## Exercise:
Retype exactly what appears below from the line containing "Милан, кафе по" down to the line containing "Kerah ShanghaiLengan Manset", keeping both end lines. Do not include pictures.

## Raw data:
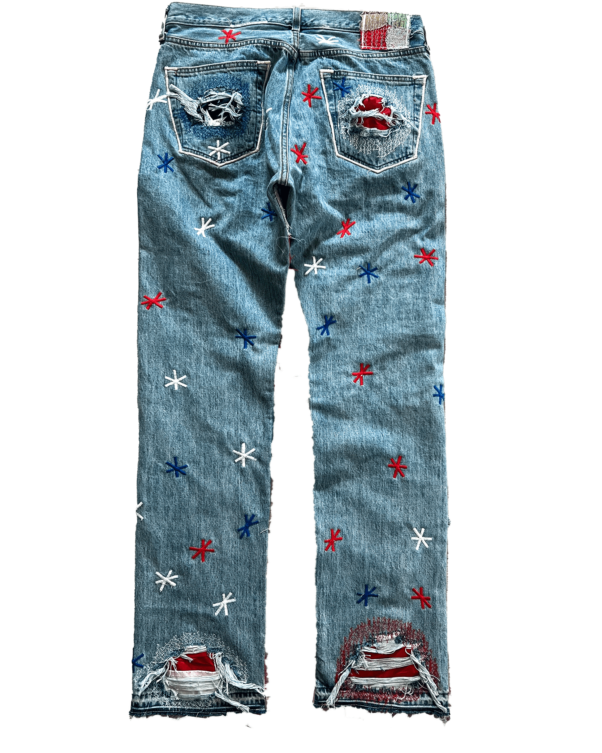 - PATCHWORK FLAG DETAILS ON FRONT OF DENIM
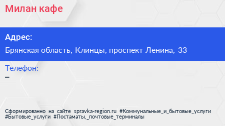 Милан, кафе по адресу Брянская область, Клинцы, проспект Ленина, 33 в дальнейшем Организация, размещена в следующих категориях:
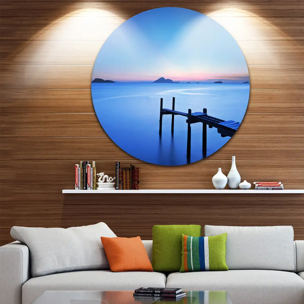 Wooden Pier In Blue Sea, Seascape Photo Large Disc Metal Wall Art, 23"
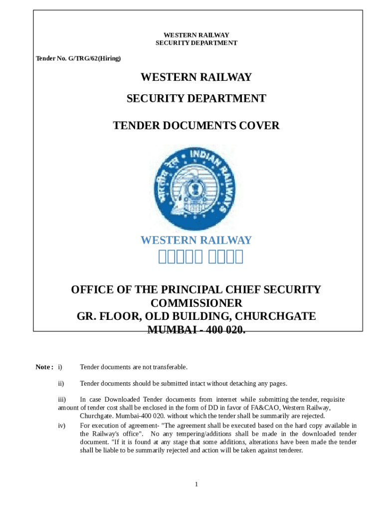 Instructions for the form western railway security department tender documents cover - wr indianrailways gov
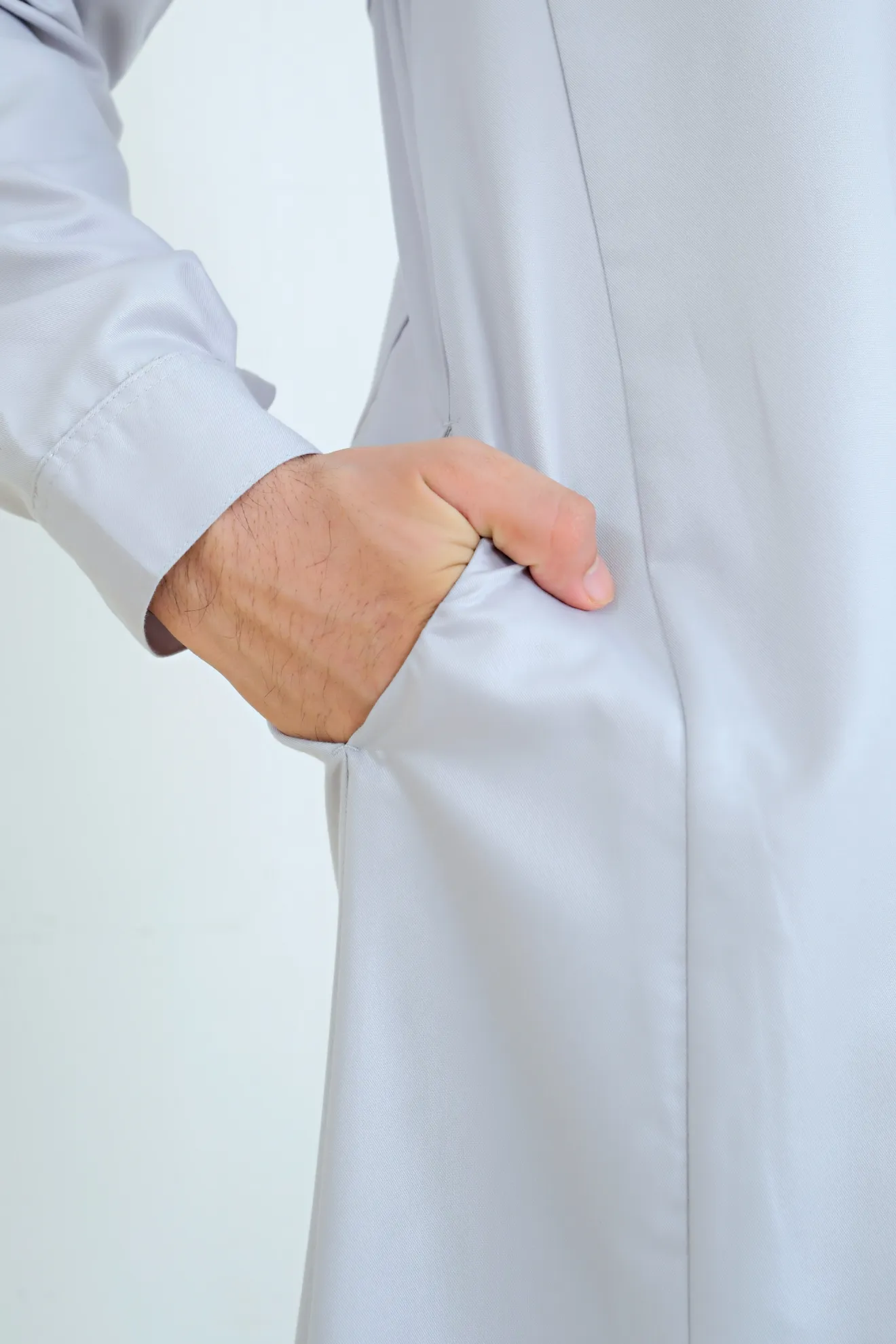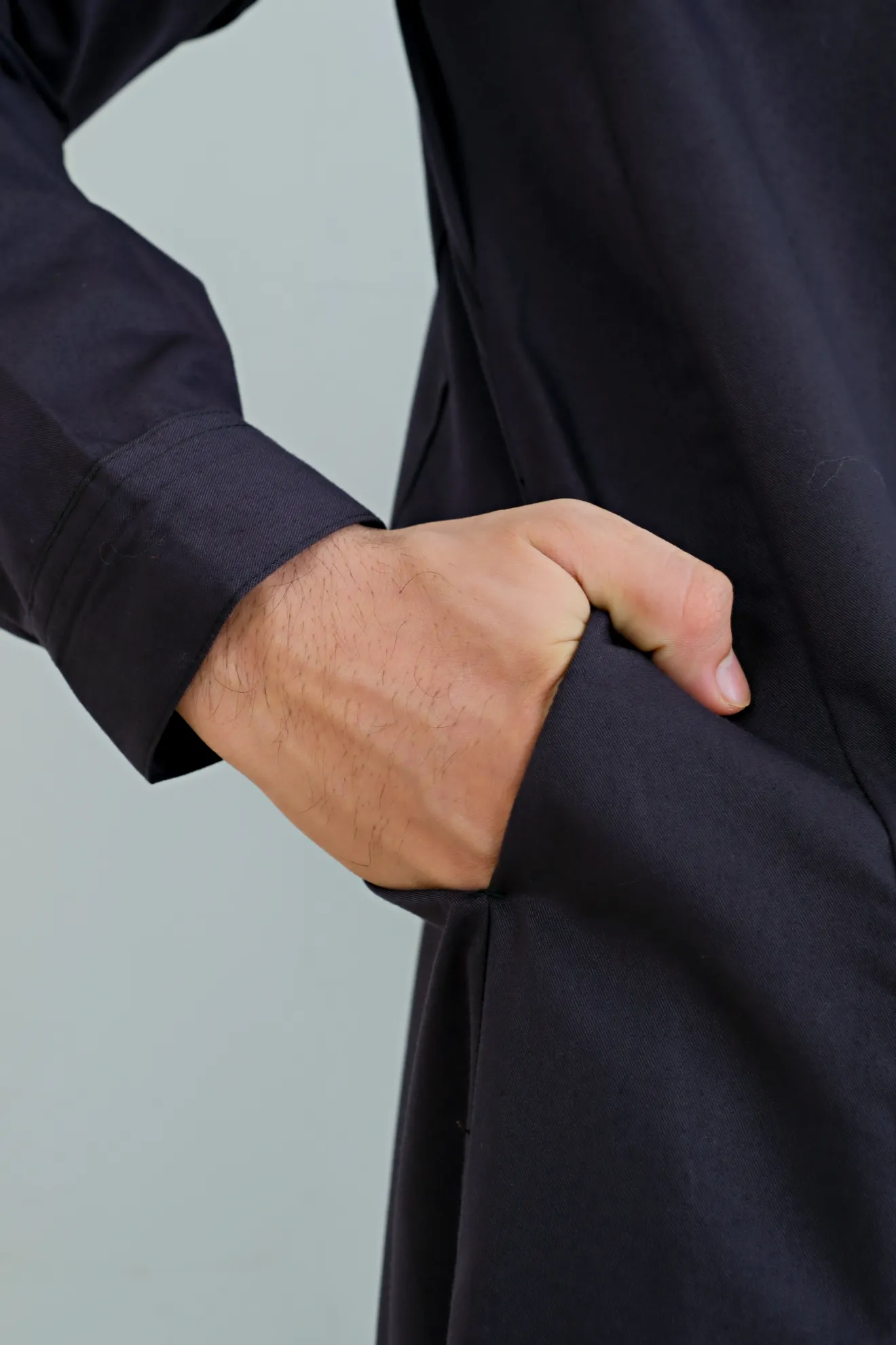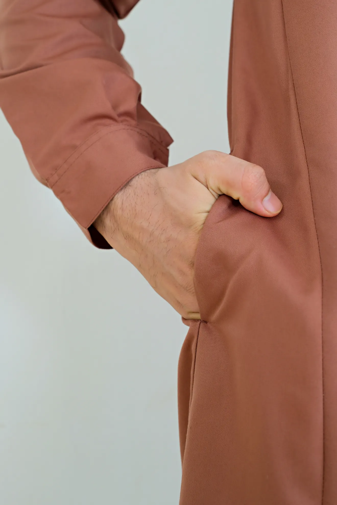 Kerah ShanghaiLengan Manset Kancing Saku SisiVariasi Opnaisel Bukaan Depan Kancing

==

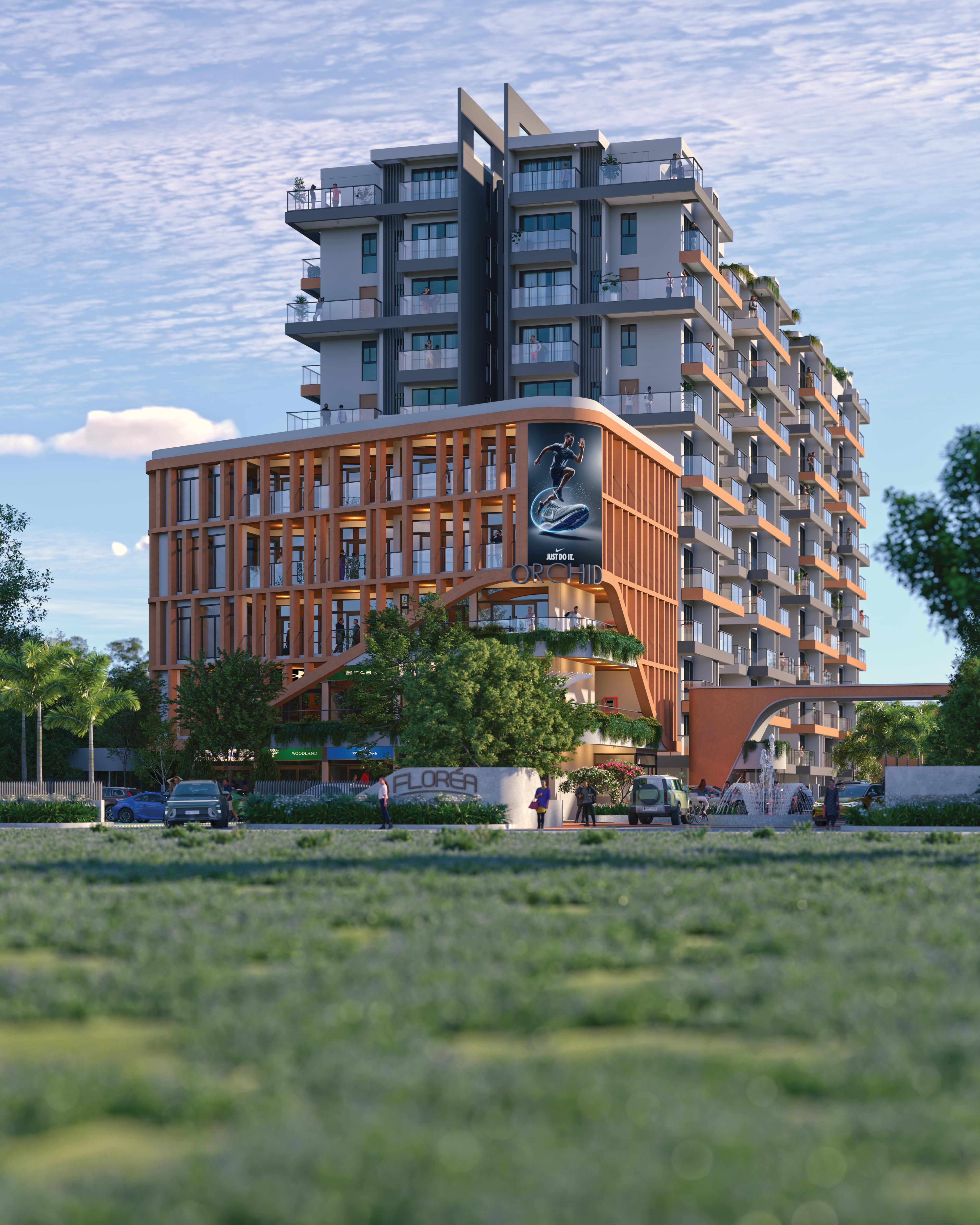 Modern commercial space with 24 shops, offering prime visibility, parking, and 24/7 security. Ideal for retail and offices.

==

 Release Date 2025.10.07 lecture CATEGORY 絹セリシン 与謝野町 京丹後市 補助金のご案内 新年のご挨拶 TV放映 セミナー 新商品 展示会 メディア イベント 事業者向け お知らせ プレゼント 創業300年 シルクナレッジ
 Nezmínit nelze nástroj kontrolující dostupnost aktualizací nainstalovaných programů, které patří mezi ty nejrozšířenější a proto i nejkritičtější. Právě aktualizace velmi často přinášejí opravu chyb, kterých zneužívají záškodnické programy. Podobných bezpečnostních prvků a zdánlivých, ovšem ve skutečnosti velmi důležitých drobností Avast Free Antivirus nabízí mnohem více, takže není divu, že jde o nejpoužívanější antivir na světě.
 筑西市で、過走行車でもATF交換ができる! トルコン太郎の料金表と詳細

## Task response:
 Милан, кафе по адресу Брянская область, Клинцы, проспект Ленина, 33 в дальнейшем Организация, размещена в следующих категориях:
 Wooden Pier In Blue Sea, Seascape Photo Large Disc Metal Wall Art, 23"
 Instructions for the form western railway security department tender documents cover - wr indianrailways gov
 Kerah ShanghaiLengan Manset Kancing Saku SisiVariasi Opnaisel Bukaan Depan Kancing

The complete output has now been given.